The geoid is a fundamental concept in geodesy representing an equipotential surface of Earth’s gravity field that closely approximates global mean sea level. Unlike the smooth mathematical ellipsoid used as a reference surface for GNSS coordinates, the geoid is an irregular, undulating surface shaped by the uneven distribution of mass within the Earth, including variations in crustal density, mountain ranges, ocean trenches, and deep mantle structures.
Understanding the geoid is essential for interpreting GNSS-derived heights and relating them to practical elevation concepts. GNSS receivers naturally determine positions relative to a mathematical ellipsoid (such as WGS84), producing ellipsoidal heights that have no direct physical meaning in terms of fluid flow or gravitational potential. The geoid, representing surfaces of constant gravitational potential, defines the direction water would flow, water naturally moves from higher to lower geoid heights, not necessarily from higher to lower ellipsoidal heights.

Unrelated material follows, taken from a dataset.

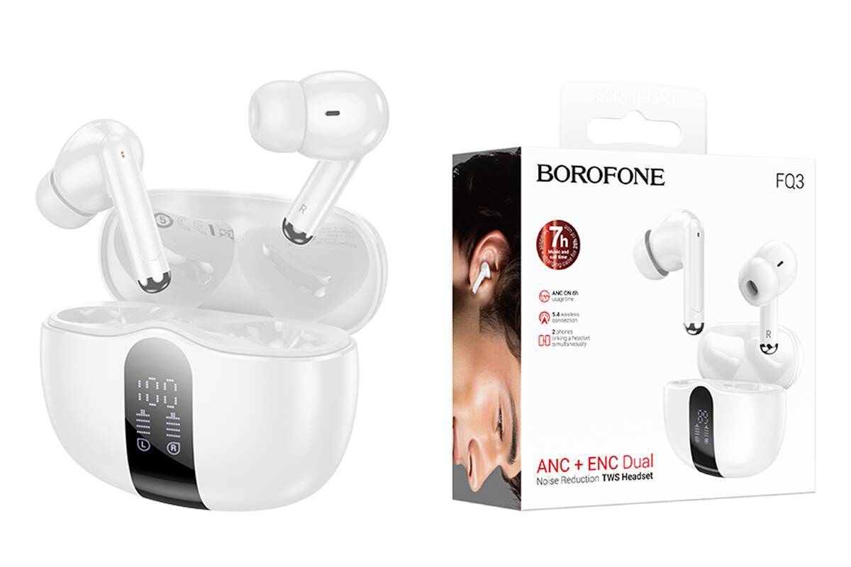 Наушники вакуумные беспроводные BOROFONE FQ3 Soulmate ANC+ENC Noise Reduction BT headset Bluetooth (белый)
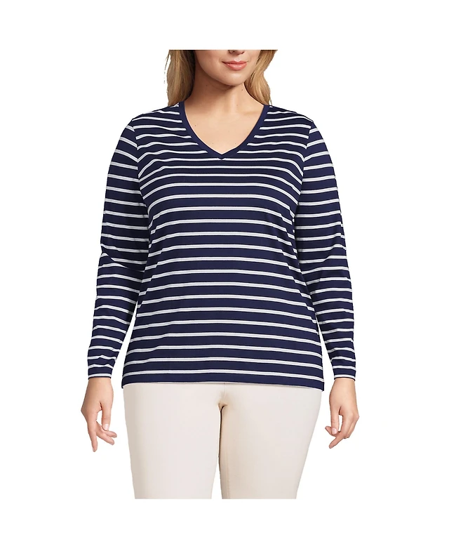 Lands' End Women's Plus Relaxed Supima Cotton Long Sleeve V-Neck T-Shirt

The separation between the ellipsoid and geoid surfaces at any location is called geoid undulation, geoid height, or geoid separation (typically denoted N). This value varies globally from approximately -107 meters to +85 meters, meaning the geoid surface can be either above or below the ellipsoid depending on location. Converting GNSS ellipsoidal heights (h) to orthometric heights (H) requires applying the geoid undulation: H = h – N.

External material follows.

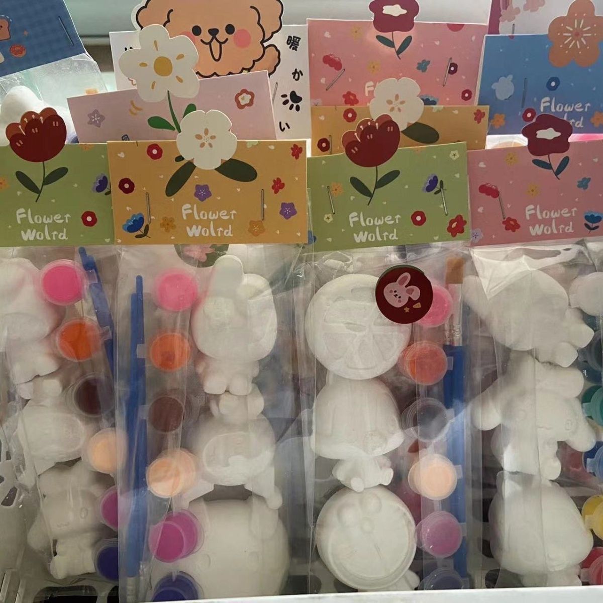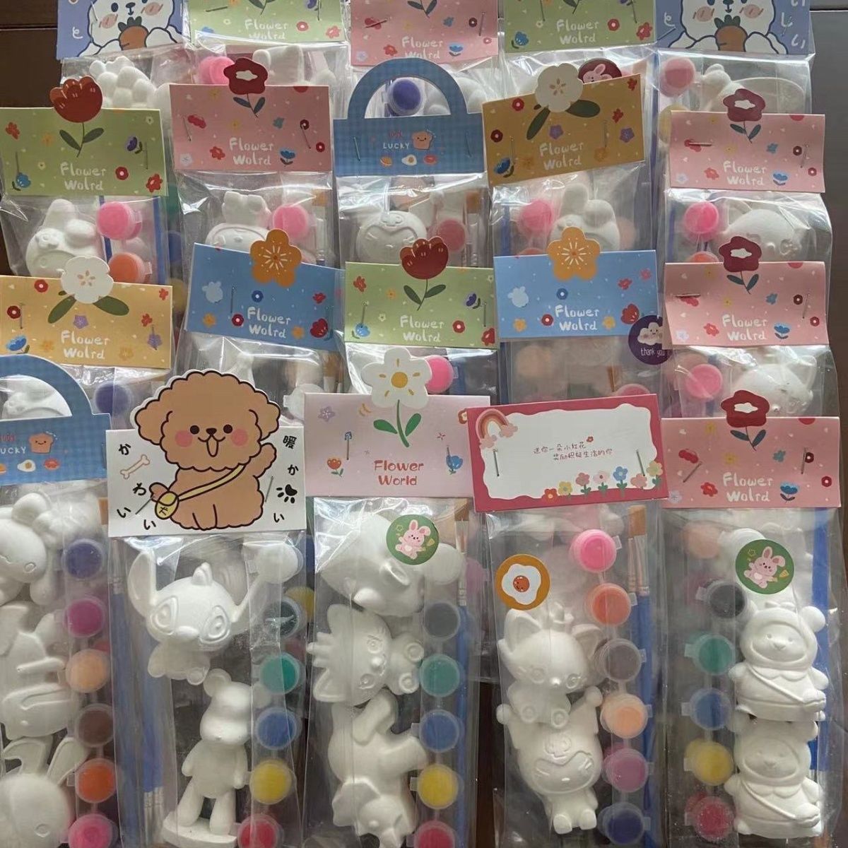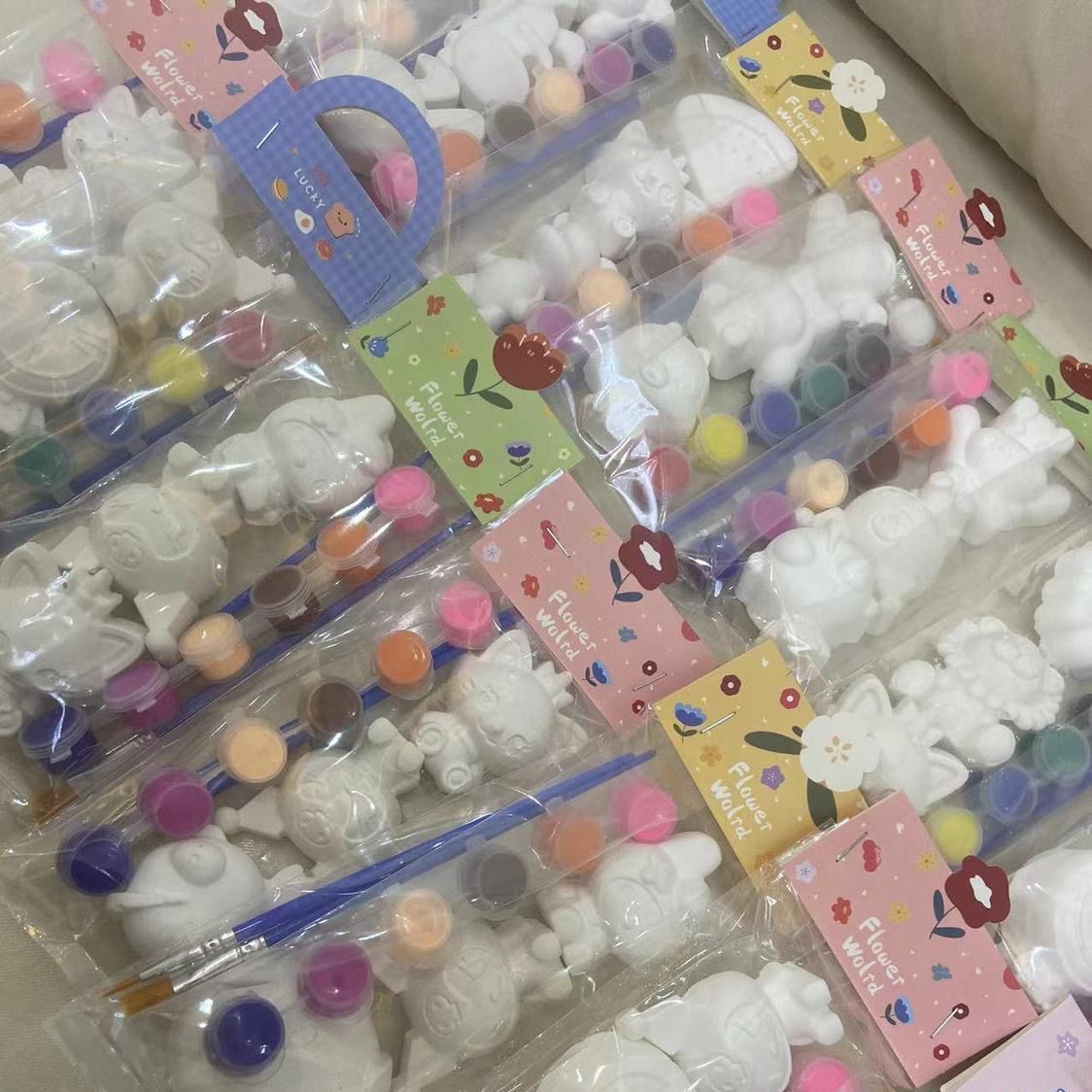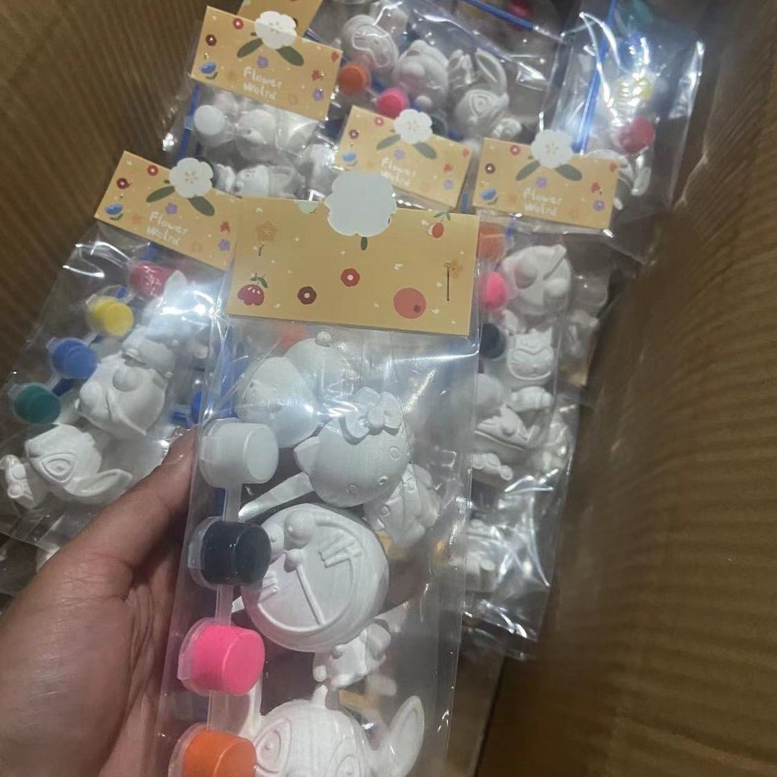 批发公园夜市儿童石膏娃娃独立摆摊袋装包装diy手工彩绘涂色

Geoid models are mathematical representations of this complex surface, developed from satellite gravity measurements, terrestrial gravity surveys, and ocean altimetry data. Global models like EGM2008 and EGM2020 (Earth Gravitational Models) provide worldwide coverage, while national models such as GEOID18 (United States) or OSGM15 (United Kingdom) offer higher resolution and accuracy within their coverage areas. Proper application of appropriate geoid models is critical for any GNSS application requiring accurate elevations for engineering, construction, flood mapping, or scientific purposes.